PCR/RE screening of T0 plants transformed with Cas9:sgRNA constructs for simplex editing of HvCKX1 (a), Nud (b), and the PTG construct for multiplex editing of the HvCKX1 and HvCKX3 genes (c). PCR products of the appropriate target gene were treated by restriction enzymes that overlap the potential mutation site (indicated above the aligned sequences). Red arrowheads indicate uncut bands of amplicons with mutations; black arrowheads indicate bands of wild-type sequences cut by an enzyme. PCR products from selected samples were cloned and sequenced to identify the pattern of mutations; target sequences for sgRNA:Cas9 are marked in yellow, PAM motifs are marked in light blue; deletions are indicated by dashes and insertions by red letters
The disadvantage of restriction analysis is its potential inaccuracy, as some indels could be generated upstream or downstream of the diagnostic restriction site, which may lead to false negative bands on the gel. Therefore, to validate the results of the PCR/restriction analysis, we cloned and sequenced the amplicons from 25 randomly selected T0 plants transformed with the ckx1-sgRNA cassette. Ten clones per plant were sequenced. The mutations were detected in 22 out of 25 plants, which gave 88% efficiency (number of T0 plants testing positive for the mutation events). Moreover, the sequencing confirmed the presence of single nucleotide insertions or deletions, which did not disrupt the BsmAI restriction enzyme site used for the initial PCR/restriction analysis (Additional file 2: Fig. S3). Interestingly, most of the tested plants appeared to be chimeric for the introduced mutations (more than two different mutations found in one T0 sample). Taking aside a sampling error, the T0 plants #34, #54, and #70 could represent the biallelic heterozygous events (only two different mutations found), while the T0 plant #63 could indicate the biallelic homozygous event (all mutations the same) (Additional file 2: Fig. S3). To further estimate the status of the T0 mutant plants, we checked the ratio between the mutated and wild-type copies of the HvCKX1 gene in the T0 mutants. The wild-type copies of the HvCKX1 gene were found in 5 out of 22 mutated plants (Table 2). The most frequent type of induced mutations was a deletion or insertion of a single nucleotide. However, larger deletions were observed in seven plants, some of them exceeding 20 bp, and the largest was the deletion of a 58 bp fragment (Additional file 2: Fig. S3).

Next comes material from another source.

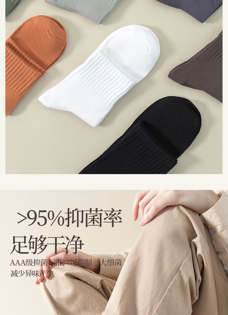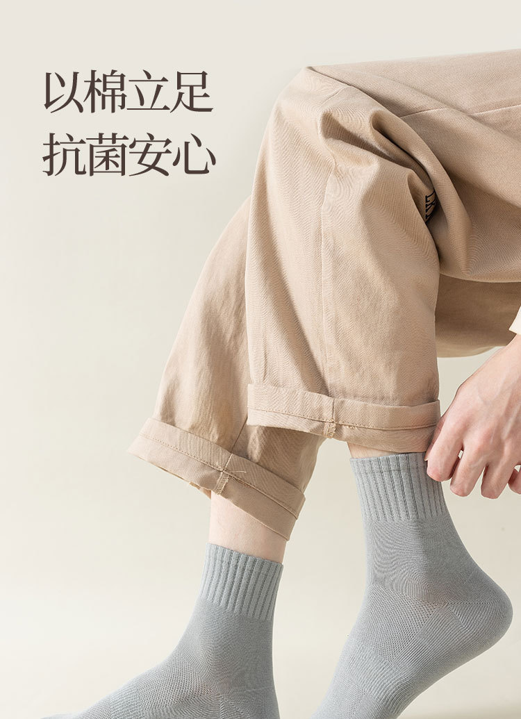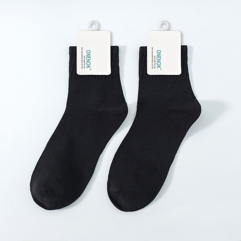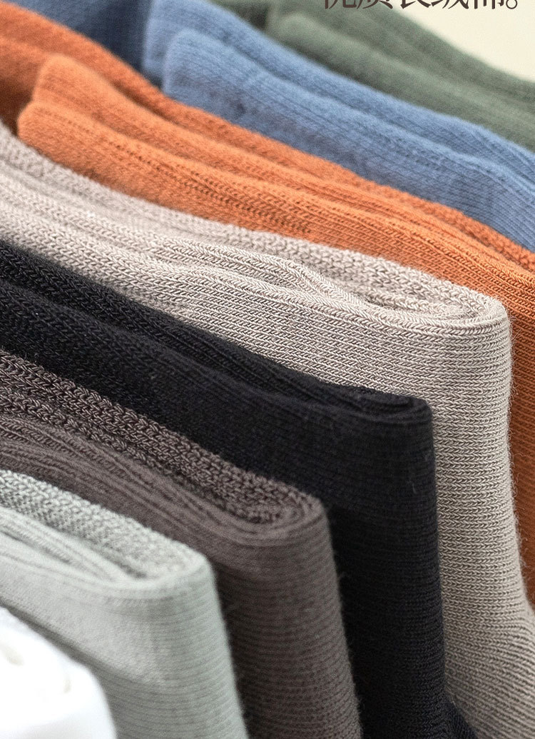 양말 남성용 중간 길이 양말 봄과 가을 순면 항균 탈취제 땀 흡수 통기성 스타킹 두꺼운 단색 남성 스타킹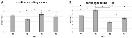 (A,B). Behavioral results. (A) The bar graph shows a higher confidence score in the choice in T1 compared to T2, and in T3 compared to T2 and T4. (B) The bar chart displays higher RTs for T1 compared to T3, as well as higher RTs in T2 compared to T1, T3, and T4. Also, higher RTs were found in T4 compared to T3. Bars represent standard errors. Stars mark statistically significant differences (p ≤ 0.005).

To validate the functionality of the RNA-guided Cas9 construct for multiplex editing, we designed the PTG gene with two gRNAs targeting the HvCKX1 and HvCKX3 genes, respectively (Fig. 1c). The construct in the pBract211-Cas-PTG vector was used to generate transgenic barley plants by Agrobacterium-mediated transformation. As previously, T0 transformants were first screened by PCR and restriction analysis and then sequenced (Fig. 2c). The mutation frequency in the HvCKX1 gene was comparable to that generated by a single sgRNA 49 (68%), but it was considerably lower in HvCKX3 13 (18%) (Table 1). Nevertheless, the overall efficiency of the PTG construct was still satisfactory, as we obtained 9 plants (21% of all mutated plants) with mutations in both CKX genes.
Inheritance and segregation of induced mutations in the T1 generation
The inheritance and segregation of HvCKX1 mutations was analyzed in the progeny of the 22 mutant self-pollinated T0 plants. Ten T1 progeny plants, from each T0 mutant plant, were screened for the presence of mutations. No mutations were found only in the progeny of the T0 plant #28 (Table 2). Identical mutations (long deletions) transmitted from T0 to T1 plants were found in three T0/T1 lines (i.e. #22, #34, and #78) (Fig. 3). Among 113 T1 mutants, eighty five were heterozygous (only one allele mutagenized), while the remaining 28 were homozygous/biallelic plants (found within 10 T1 lines), which gave approx. 3 homozygous plants per line. Among these 10 lines we found 26 T1 homozygous plants with frameshift mutations (see Additional file 3: Fig. S4). The predominant, non-Mendelian pattern of inheritance and the presence of wild-type alleles in the T1 generation, even from T0 plants originally identified as biallelic (#34, #54, #70, #63), indicated the chimeric status of T0 transgenic plants (Table 2). We also tested to what extent the induced mutations and T-DNA from the RNA-guided Cas9 vector segregated independently in the T1 generation. This allowed for discrimination of T1 individuals with inherited primary mutations from those in which the mutation could be potentially created de novo, because of the expression of Cas9 and sgRNA. 17.7% (20 out of 113) of T1 T-DNA-free individuals inherited the primary mutation in HvCKX1 gene. T-DNA segregation in the T1 generations followed the Mendelian 3:1 ratio (at confidence level P = 0.99, α = 0.05) in 12 out of 22 original T0 events indicating a single-locus insertion of T-DNA in those plants (Table 2). The segregation ratio 9:1 or 10:0 could indicate not linked integration of two copies of T-DNA in the additional 5 T0 plants. 2 out of 20 T-DNA free mutants were homozygotes in terms of the mutation in the HvCKX1 gene. This proved that it was possible to select non-transgenic mutants in the T1 generation by screening at least 10 plants from each T1 line.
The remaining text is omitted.